Un cantiere che, intorno al 1174, ha dato corso alla costruzione di una fra le più grandi basiliche del tempo. Un’impresa portata a compimento, nonostante le varie difficoltà incontrate in ordine a fatti “politici avvenuti in quel periodo, di “ordine militare, e soprattutto religioso”. Una vera e propria azione di presa, gestione e mantenimento dei territori sotto l’aspetto strategico, oltre che economico, commerciale, proprio a dimostrazione del potere regale, della presenza dell’istituzione ecclesiastica di Guglielmo in un’area della Sicilia non di facile gestione.
Assume grande importanza il dettato “trascritto in immagini e rappresentazioni” lasciato ai posteri, avente carattere divulgativo e conoscitivo riportato dalle Sacre Scritture in immagine. Un messaggio d’ampio raggio, utilizzato come cassa di risonanza, della raggiunta forza di Guglielmo, un Avvenimento che anticipa a Principi e Sovrani, la grandezza, l’importanza del Regno di Sicilia nell’area Mediterranea.
 Tutto questo per dettare un nuovo tempo: quello che, nonostante la comunanza e la generale pacificazione raggiunta, segnava la fine della dominazione Araba in Sicilia.
Era un monito alle etnie Arabe, di fede musulmana, nate e cresciute nell’isola da diverse generazioni, e a tutto coloro che continuavano a fare resistenza e si opponevano alla Corona.
Una Cattedrale abbaziale innalzata per dimostrare ed affermare lo Status politico e religioso in contrapposizione alla pratica di fede musulmana ancora presente in Sicilia, che per tanto tempo aveva relegato la Chiesa Bizantina in ambienti nascosti, lontani dalla zona.
Era così diventato un luogo simbolico per quella Cristianità da tempo costretta alla fuga.
 Il Duomo Monrealese pertanto è il frutto, la volontà preordinata di fermare anche l’avanzare del potere della chiesa Romana nel Regno, testimonianza della stabilità e del potere esercitato dalla monarchia Normanna; una Chiesa sorta per glorificare nei secoli Dio e lo stesso re Guglielmo fondatore del Sacro Tempio.
Rimane alla base di tutto questo, l’aver predisposto anticipatamente un accurato progetto che si poneva l’obbiettivo di costruire il Tempio, e dimostrare che la struttura monarchica, regge su solide basi consolidate. Una cattedrale, affiancata ad un’abbazia di nuova fondazione, munita e sorretta da monaci, al vertice l’abate – vescovo, divenuto in seguito Arcivescovo, di una delle più vaste diocesi territoriali che ha reso la Chiesa Metropolitana di Monreale “eccelsa ed incontrastata” in Sicilia, nelle isole minori e oltre i domini e i possedimenti del Regno dell’Italia Meridionale.

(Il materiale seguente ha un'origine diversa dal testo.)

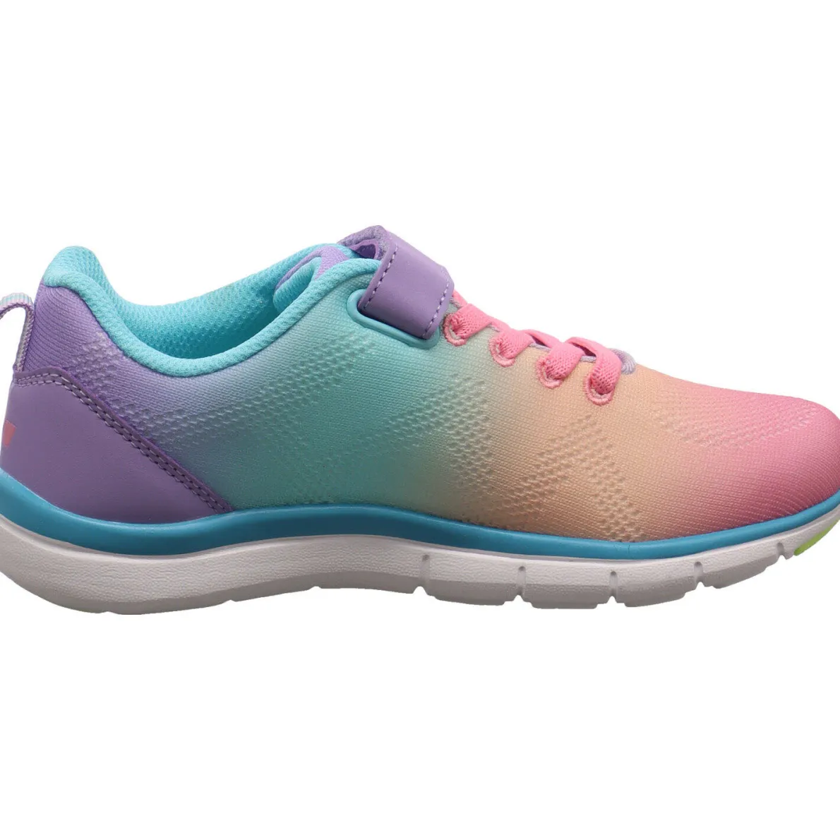 Sein Name macht ihm alle Ehre, denn das Textil Meshgewebe ist in tollen angesagten Pastell Farben wie Rosa, Türkis und Lila gearbeitet. Und ein Highlight für jedes Mädchen. Er ist wunderbar flexibel und macht jede Bewegung zuverlässig mit. Einsätze aus Synthetik geben dem Schuh den notwendigen Halt. Durch die Gummischnürung, den Klettverschluss und der Lasche am Schaft ist der Einstieg kinderleicht. Der Schaft ist angenehm weich gepolstert und die Innensohle als Wechselfußbett gearbeitet. So kann er nach dem Einsatz gut gelüftet werden und du kannst vorab die optimale Größe für dein Kind ermitteln. Dazu helfen dir die Markierungen auf der Sohle. Die helle Sohle ist wunderbar leicht und flexibel. Er kann als Sneaker für den Kindergarten und die Schule genutzen werden. Aber auch als leichter Sportschuh findet er seine Verwendung.

Risorse fondamentali per la vita della Chiesa di Monreale erano le rendite ricavate dalle terre dell’arcivescovado, denari utilizzati per custodire, mantenere, reggere, curare e fare prosperare la Cattedrale ed il monastero. Una Cattedrale abbaziale concepita ed ispirata al principio assoluto della grandezza e della bellezza, della dignità regale, costruita con criteri e connotati che qualcuno direbbe ai giorni nostri, all’avanguardia, per le tecniche adoperate, i servizi connessi e annessi realizzati nella cittadella “santa”, fortificata in un arco temporale alquanto contenuto.
La Chiesa a croce latina a tre navate e tre absidi Romaniche recuperano nell’impostazione l’architettura bizantina ed islamica; suddivisa in spazi gerarchizzati, principiati ed illustrati da immagini musive, ove era dato ascoltare a pochi la parola di Dio, sentire e non vedere al di là della transenna di marmo che divideva l’area liturgica dalle navate, il respiro, le voci dei monaci, i canti, le preghiere, le suppliche, la voce del silenzio.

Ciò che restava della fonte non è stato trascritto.